* **Task inputs**
= Beginning of Section =

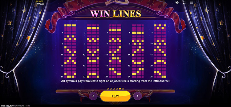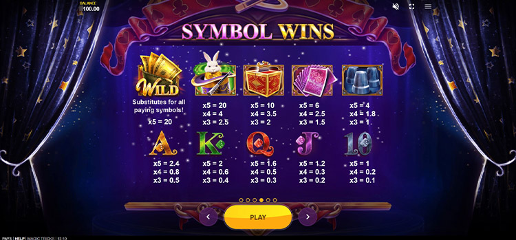 Таблица выплат Magic Tricks
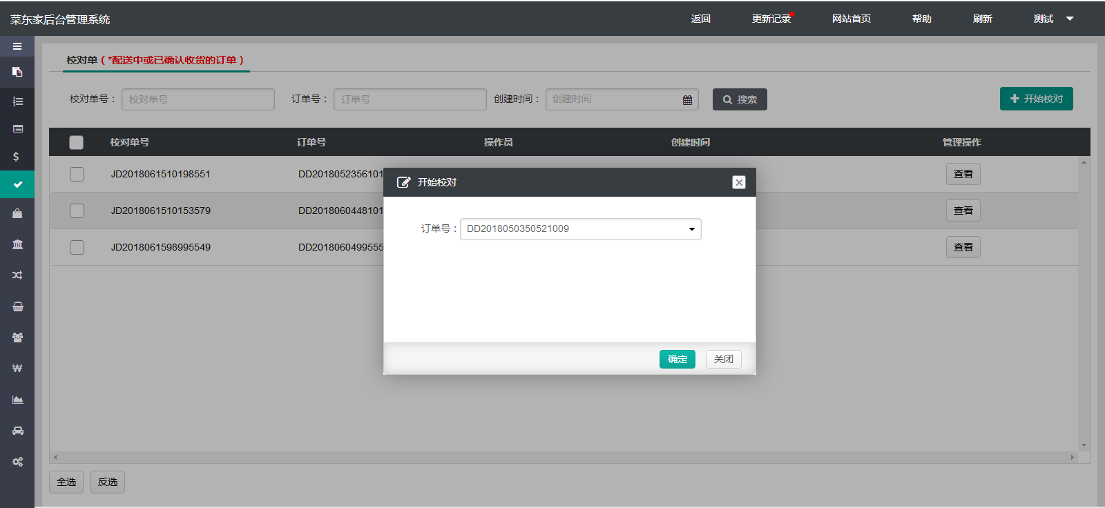 增加訂單校對(duì)功能。點(diǎn)擊開始校對(duì),輸入訂單號(hào)即可。校對(duì)只針對(duì)數(shù)量和價(jià)格修改。(注:校對(duì)功能適用于配送中和配送完成的訂單)
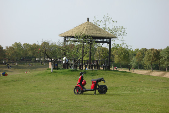 一辆红色的电动车静静的屹立在绿色的草坪上,整幅画面充满温馨感。
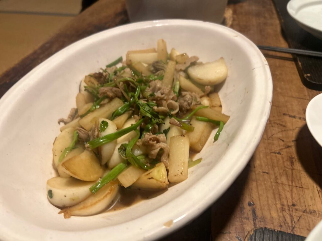 これは、出汁に豚バラ肉を少し加えて煮て、
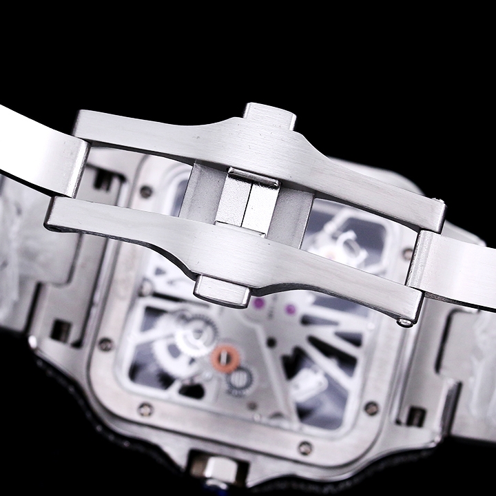 Cartier Santos Diamond 39.8mm Gold Button Blue Pointer
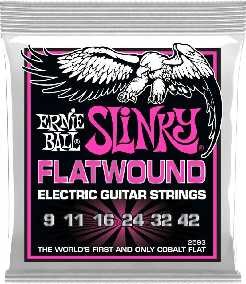 Ernie Ball Flatwound for elektrisk gitar er ganske enkelt en serie strenger som føles som "slipte" strenger, men høres ut som tradisjonelle Slinkys. I tillegg har disse settene en uspunnet G-streng som gjør plukking og solo lettere.
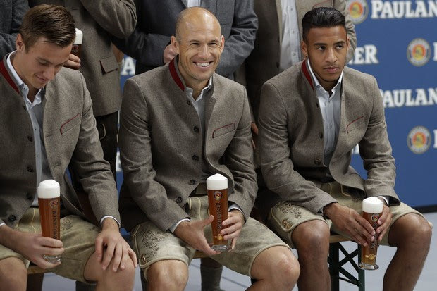 Η Μπάγερν πραγματοποίησε την πατροπαράδοτη φωτογράφιση με μπύρες και σορτσάκια ενόψει του Oktoberfest, με τον Φρανκ Ριμπερί ξανά να κάνει τη... διαφορά (photos).

= End of Section =

* **Work order**
All lines from the one containing "Ernie Ball Flatwound" through the end of the data are to be restated exactly, with nothing else and without the pictures.

* **Solution to the exercise**
 Ernie Ball Flatwound for elektrisk gitar er ganske enkelt en serie strenger som føles som "slipte" strenger, men høres ut som tradisjonelle Slinkys. I tillegg har disse settene en uspunnet G-streng som gjør plukking og solo lettere.
 Η Μπάγερν πραγματοποίησε την πατροπαράδοτη φωτογράφιση με μπύρες και σορτσάκια ενόψει του Oktoberfest, με τον Φρανκ Ριμπερί ξανά να κάνει τη... διαφορά (photos).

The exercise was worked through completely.